*** DATA SUPPLIED
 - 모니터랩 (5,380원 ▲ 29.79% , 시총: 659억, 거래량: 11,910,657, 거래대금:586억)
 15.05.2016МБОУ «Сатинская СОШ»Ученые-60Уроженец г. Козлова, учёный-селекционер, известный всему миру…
******
*** DATA SUPPLIED
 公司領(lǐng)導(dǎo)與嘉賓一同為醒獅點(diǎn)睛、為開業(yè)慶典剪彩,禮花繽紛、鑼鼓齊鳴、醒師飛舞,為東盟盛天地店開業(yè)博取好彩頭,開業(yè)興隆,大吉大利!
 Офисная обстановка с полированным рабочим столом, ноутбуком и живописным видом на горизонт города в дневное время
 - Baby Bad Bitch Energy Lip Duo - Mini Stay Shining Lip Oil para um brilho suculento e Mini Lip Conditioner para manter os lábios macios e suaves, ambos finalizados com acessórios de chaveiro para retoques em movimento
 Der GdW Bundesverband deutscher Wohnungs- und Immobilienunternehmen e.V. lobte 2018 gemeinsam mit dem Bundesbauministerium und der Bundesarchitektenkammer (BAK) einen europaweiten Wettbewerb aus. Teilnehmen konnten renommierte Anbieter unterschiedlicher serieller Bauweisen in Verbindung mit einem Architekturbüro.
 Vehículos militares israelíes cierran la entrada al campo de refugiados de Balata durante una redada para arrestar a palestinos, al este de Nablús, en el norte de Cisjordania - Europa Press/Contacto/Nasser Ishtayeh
******
*** DATA SUPPLIED
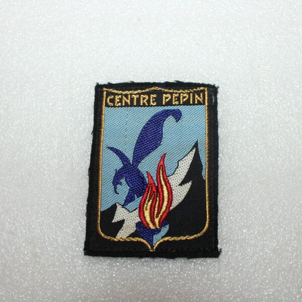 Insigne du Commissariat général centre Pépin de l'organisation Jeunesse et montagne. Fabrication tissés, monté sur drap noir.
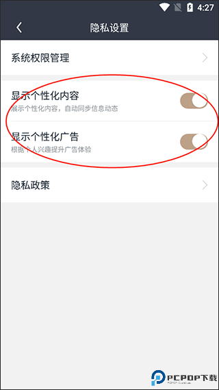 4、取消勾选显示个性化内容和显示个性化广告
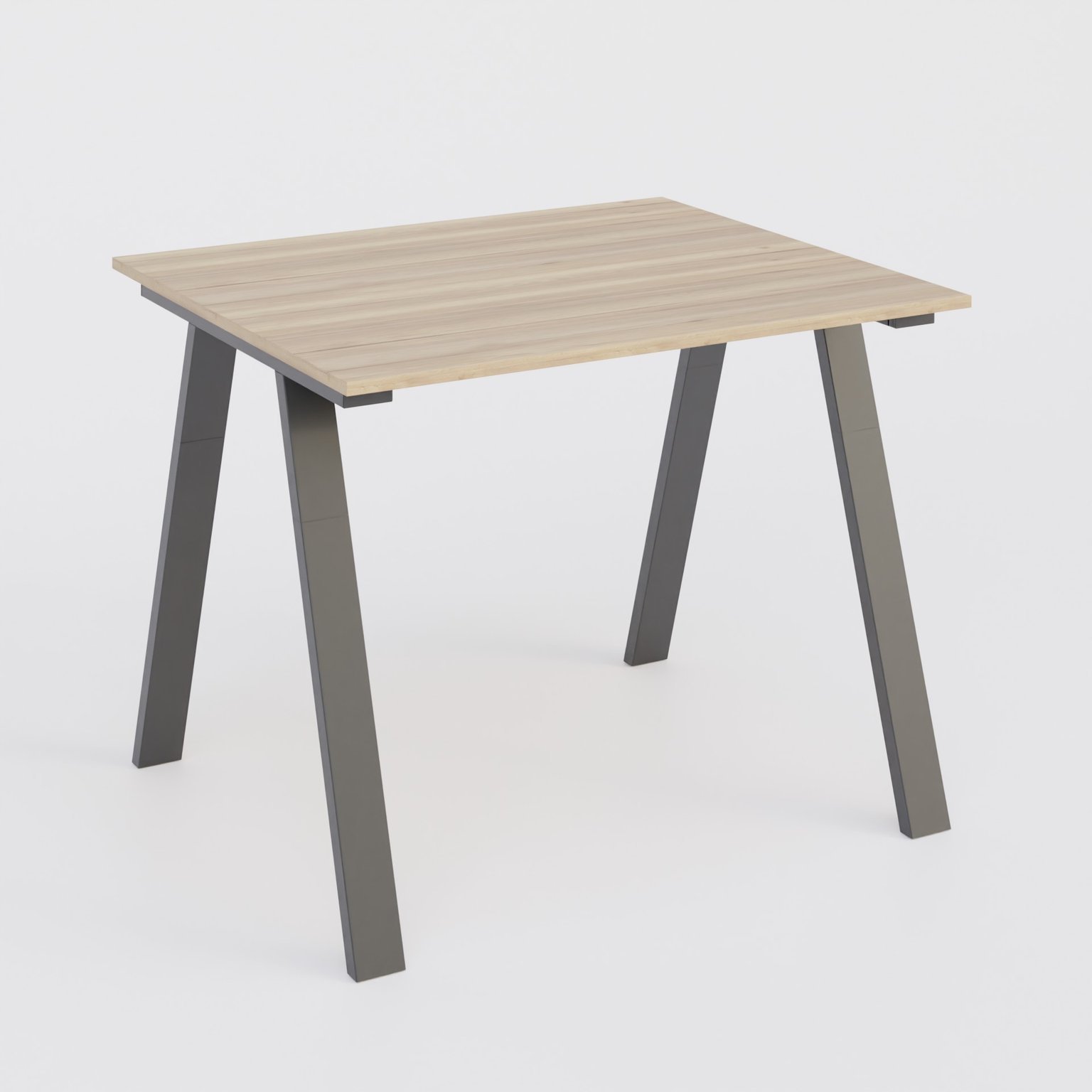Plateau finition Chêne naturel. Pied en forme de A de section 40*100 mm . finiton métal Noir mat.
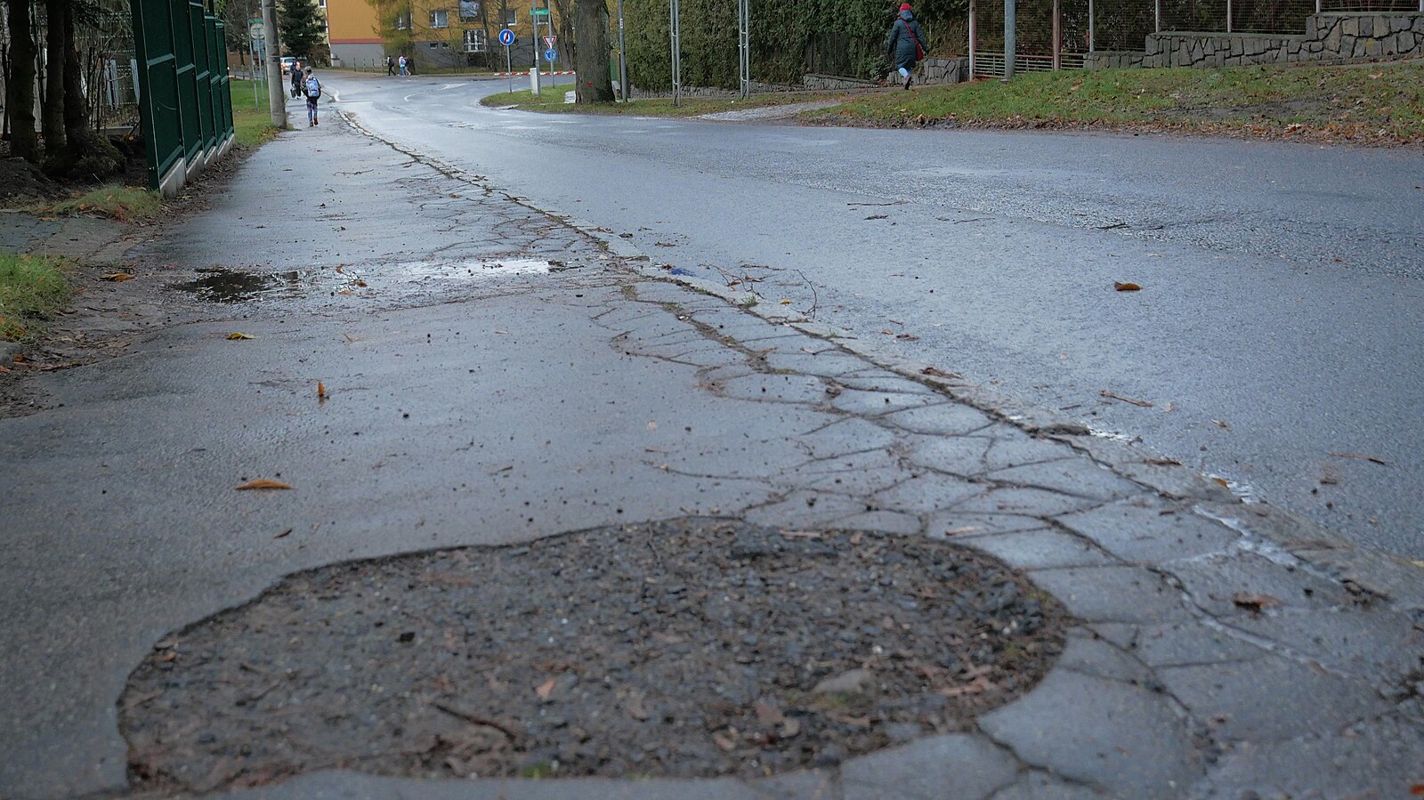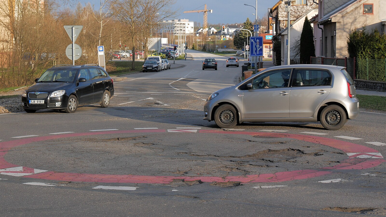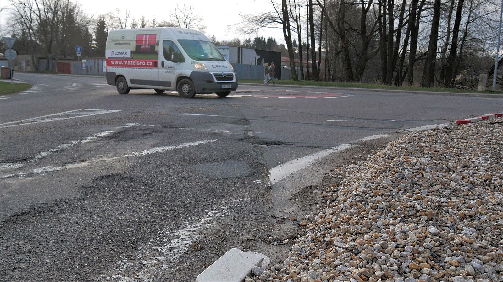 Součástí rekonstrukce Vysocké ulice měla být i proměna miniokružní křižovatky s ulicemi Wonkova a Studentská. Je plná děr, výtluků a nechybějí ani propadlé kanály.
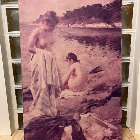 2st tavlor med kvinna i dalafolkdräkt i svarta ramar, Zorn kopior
******
BRIEF:
If a line of the entries contains the string "para", it counts; report how many such lines there are, as a bare number.

TASK RESULT:
2